At this extreme scale, which requires innovation in power distribution, cooling, monitoring, and operations, the WSC is a modern descendant of the 1970s supercomputers—making Seymour Cray the godfather of today’s WSC architects. His extreme computers handled computations that could be done nowhere else, but were so expensive that only a few companies could afford them. This time the target is providing information technology for the world instead of high performance computing for scientists and engineers. Hence, WSCs surely play a more important societal role today than Cray’s supercomputers did in the past.

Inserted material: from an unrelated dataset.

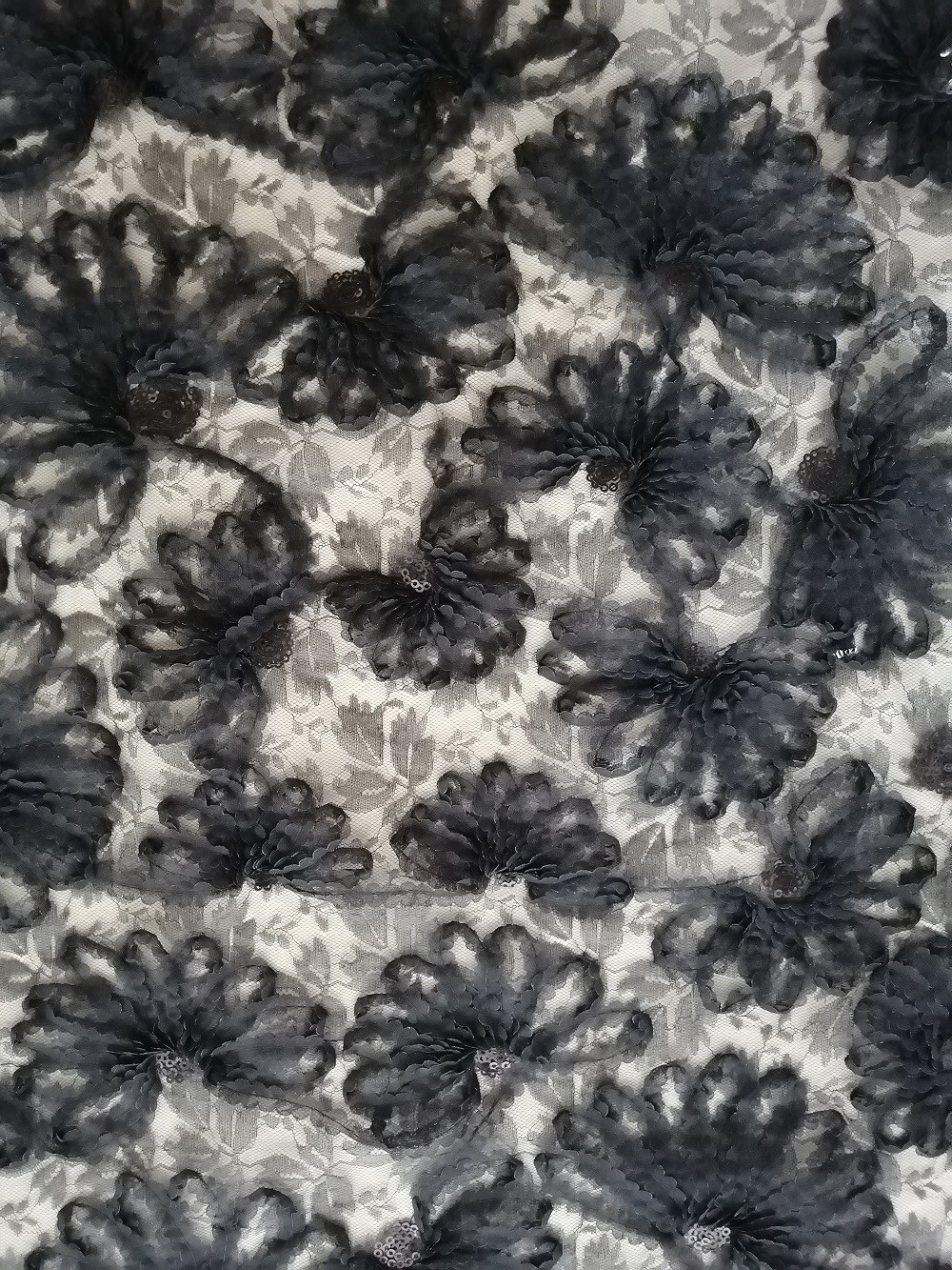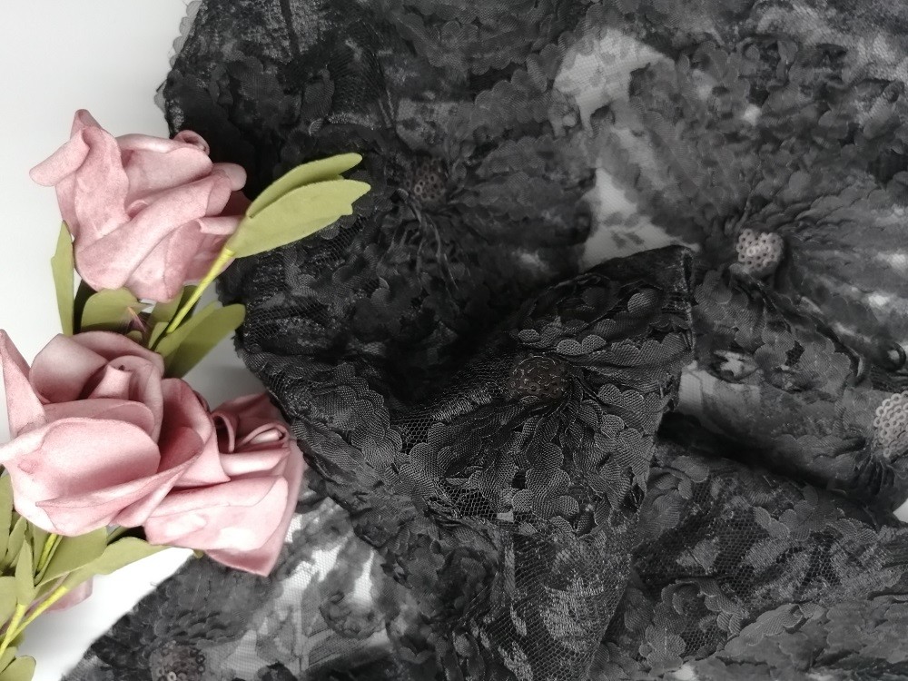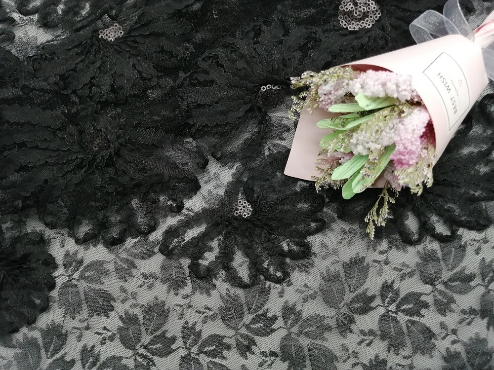 - La paillette noire lacent la dentelle de partie de broderie creusée par tissu de broderie d'Applique 3D pour de longues robes de petites filles de vêtement de robe de jupe de femmes, textiles à la maison, rideau, articles de literie, habillements, chapeaux, robes de mariage, chemisiers, etc.

While they share some common goals with servers, WSCs have three major distinctions:

1. Ample, easy parallelism: A concern for a server architect is whether the applications in the targeted marketplace have enough parallelism to justify the amount of parallel hardware and whether the cost is too high for sufficient communication hardware to exploit this parallelism. A WSC architect has no such concern. First, batch applications like MapReduce benefit from the large number of independent data sets that need independent processing, such as billions of Web pages from a Web crawl. Second, interactive Internet service applications, also known as Software as a Service (SaaS), can benefit from millions of independent users of interactive Internet services. Reads and writes are rarely dependent in SaaS, so SaaS rarely needs to synchronize. For example, search uses a read-only index and email is normally reading and writing independent information. We call this type of easy parallelism Request-Level Parallelism, as many independent efforts can proceed in parallel naturally with little need for communication or synchronization.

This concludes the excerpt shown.